- _Problem requirements_: The listing below is to be written out word for word, minus its images.

- _Listed entries_:

━━━━━━━━━━━━━━━━━━━━

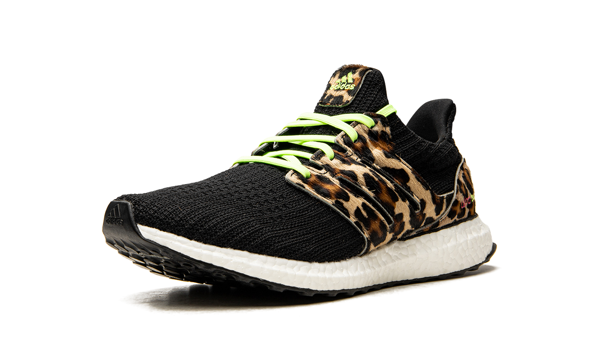 The adidas Ultra Boost “Animal Pack - Leopardâ€?is a creative look for the performance running and lifestyle shoe by adidas that features exotic leopard print on its design. Released in December 2020. the “Leopardâ€?Ultra Boost is one of the model's more adventurous colorways as it combines a black woven Primeknit upper with faux leopard print on the Three Stripes lacing “cage.â€?molded heel cup. and tongue tag. Additional eye-catching details include neon green laces and “adidasâ€?branding on the tongue. and pink and neon green “Ultra Boostâ€?detailing on the lateral side of the heel counter. The shoe rides on a white Boost cushioned midsole protected by a Continental Rubber outsole. Release date: December 8. 2020
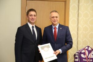 Seçilen yönetime ve meclise Başkan Karlıbel aracılığıyla hayırlı olsun dileklerini sunan Seçim Kurulu Başkanı Mesut Bilen, mazbatayı Başkan Karlıbel’e takdim etti.
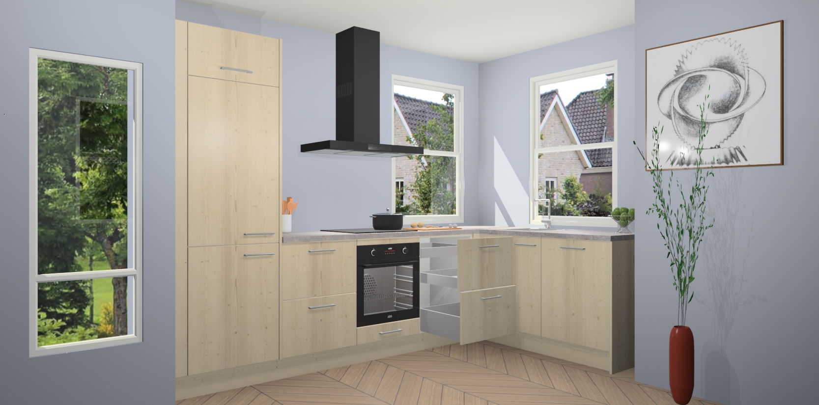 Wat maakt deze keuken zo bijzonder? Ten eerste geeft het houten werkblad uw ruimte een onmiskenbaar klassieke uitstraling. De natuurlijke afwerking roept warmte en elegantie op die nooit uit de mode zullen raken. Bovendien is het gemakkelijk schoon te houden en te onderhouden, zodat je er jarenlang plezier van kunt hebben. Als u op zoek bent naar extra gemak in uw keuken, dan heeft u bij het plaatsen van een bestelling bij ons ook de optie om uw toestellen te upgraden naar AEG-modellen - zo haalt u moderne innovatie van topmerken in apparatentechnologie rechtstreeks in huis.
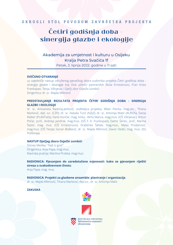 Na Akademiji za umjetnost i kulturu u Osijeku 3. lipnja 2022. godine održan je Okrugli stol na kojem su prestavljeni rezultati projekta Četiri godišnja doba – sinergija glazbe i ekologije koji je Institut za zborsku glazbu Polifonija u suradnji s partnerima: Nastavnim zavodom za javno zdravstvo OBŽ, Akademijom za umjetnost i kulturu u Osijeku, Centrom za poduzetništvo, Udrugom PLANTaža te osnovnim školama Višnjevac, Tenja, Ernestinovo i Fran Krsto Frankopan proveo u školskoj 2021./22. godini. U sklopu okruglog stola održane su i dvije radionice za učitelje glazbene kulture članove Županijskog stručnog vijeća učitelja glazbene kulture Osječko-baranjske županije, a koje korespondiraju s temom projekta.
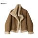 MUYU Motorcycle Style Suede Faux Shearling Short Coat for Women Winter New Warm Top Trendy
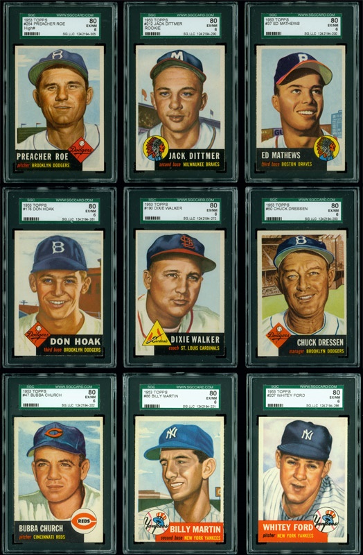 All except for one are graded by SGC 80 EX/NM 6 except for one. Includes EX/NM 6: #184 Hal Brown, #223 O’Brien, #189 Jablonski, #86 Billy Martin, #64 Philley, #50 Dressen, #207 Whitey Ford, #47 Church, #200 Goldsberry, #161 Bickford, #173 Ward, #188 Carey, #190 Walker (2), #85 Morgan, #91 St Claire, #176 Hoak, #205 Benson, #195 McGhee, #213 Scarborough, #52 Gray, #129 Thomas, #34 Shuba, #74 Rossi, #37 Ed Mathews, #56 Staley, #212 Dittmar, #254 Roe, #257 Boyd, #171 Glynn, #238 Hogue. EX+ 5.5: #191 Ralph Kiner.
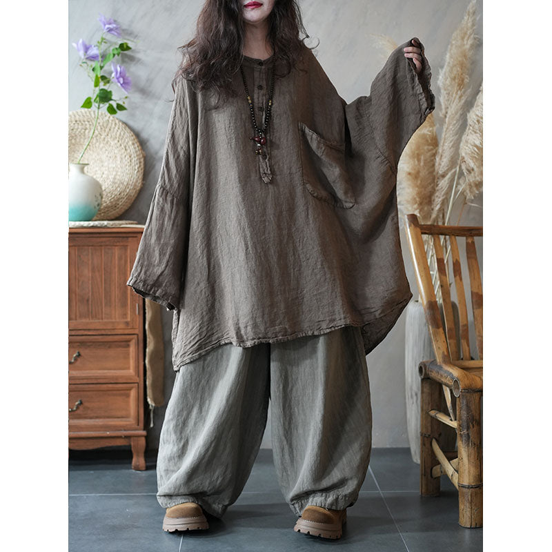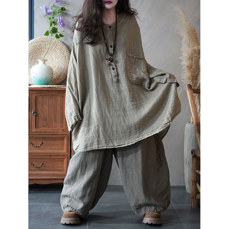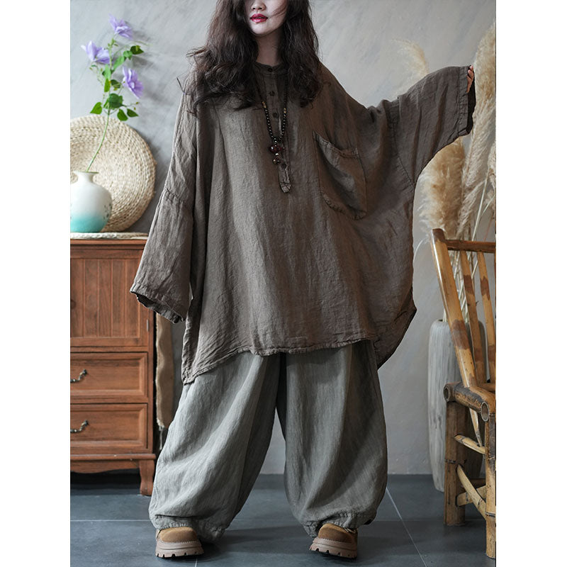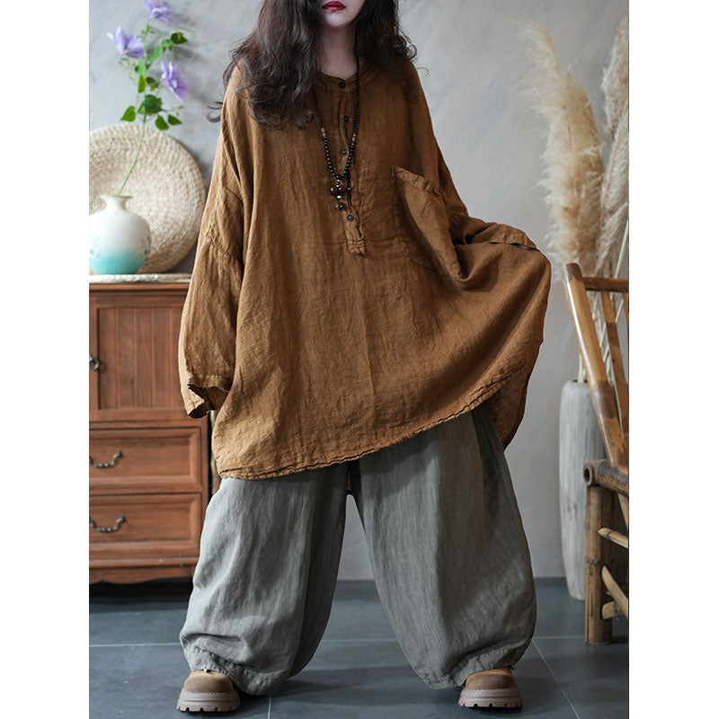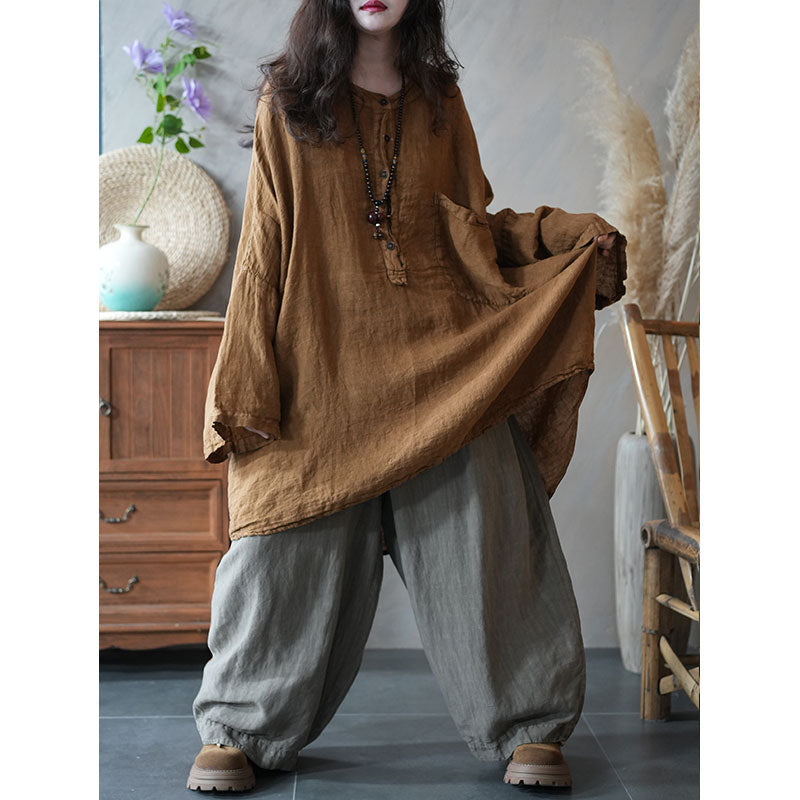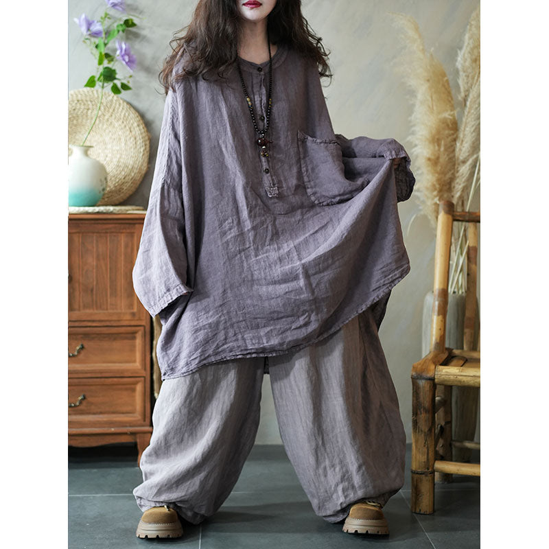 新作 上質リネン 楽ちん ナチュラル バルーンパンツ セットアップ  – Jojormaru

━━━━━━━━━━━━━━━━━━━━

- _Response below_:
 The adidas Ultra Boost “Animal Pack - Leopardâ€?is a creative look for the performance running and lifestyle shoe by adidas that features exotic leopard print on its design. Released in December 2020. the “Leopardâ€?Ultra Boost is one of the model's more adventurous colorways as it combines a black woven Primeknit upper with faux leopard print on the Three Stripes lacing “cage.â€?molded heel cup. and tongue tag. Additional eye-catching details include neon green laces and “adidasâ€?branding on the tongue. and pink and neon green “Ultra Boostâ€?detailing on the lateral side of the heel counter. The shoe rides on a white Boost cushioned midsole protected by a Continental Rubber outsole. Release date: December 8. 2020
 Seçilen yönetime ve meclise Başkan Karlıbel aracılığıyla hayırlı olsun dileklerini sunan Seçim Kurulu Başkanı Mesut Bilen, mazbatayı Başkan Karlıbel’e takdim etti.
 Wat maakt deze keuken zo bijzonder? Ten eerste geeft het houten werkblad uw ruimte een onmiskenbaar klassieke uitstraling. De natuurlijke afwerking roept warmte en elegantie op die nooit uit de mode zullen raken. Bovendien is het gemakkelijk schoon te houden en te onderhouden, zodat je er jarenlang plezier van kunt hebben. Als u op zoek bent naar extra gemak in uw keuken, dan heeft u bij het plaatsen van een bestelling bij ons ook de optie om uw toestellen te upgraden naar AEG-modellen - zo haalt u moderne innovatie van topmerken in apparatentechnologie rechtstreeks in huis.
 Na Akademiji za umjetnost i kulturu u Osijeku 3. lipnja 2022. godine održan je Okrugli stol na kojem su prestavljeni rezultati projekta Četiri godišnja doba – sinergija glazbe i ekologije koji je Institut za zborsku glazbu Polifonija u suradnji s partnerima: Nastavnim zavodom za javno zdravstvo OBŽ, Akademijom za umjetnost i kulturu u Osijeku, Centrom za poduzetništvo, Udrugom PLANTaža te osnovnim školama Višnjevac, Tenja, Ernestinovo i Fran Krsto Frankopan proveo u školskoj 2021./22. godini. U sklopu okruglog stola održane su i dvije radionice za učitelje glazbene kulture članove Županijskog stručnog vijeća učitelja glazbene kulture Osječko-baranjske županije, a koje korespondiraju s temom projekta.
 MUYU Motorcycle Style Suede Faux Shearling Short Coat for Women Winter New Warm Top Trendy
 All except for one are graded by SGC 80 EX/NM 6 except for one. Includes EX/NM 6: #184 Hal Brown, #223 O’Brien, #189 Jablonski, #86 Billy Martin, #64 Philley, #50 Dressen, #207 Whitey Ford, #47 Church, #200 Goldsberry, #161 Bickford, #173 Ward, #188 Carey, #190 Walker (2), #85 Morgan, #91 St Claire, #176 Hoak, #205 Benson, #195 McGhee, #213 Scarborough, #52 Gray, #129 Thomas, #34 Shuba, #74 Rossi, #37 Ed Mathews, #56 Staley, #212 Dittmar, #254 Roe, #257 Boyd, #171 Glynn, #238 Hogue. EX+ 5.5: #191 Ralph Kiner.
 新作 上質リネン 楽ちん ナチュラル バルーンパンツ セットアップ  – Jojormaru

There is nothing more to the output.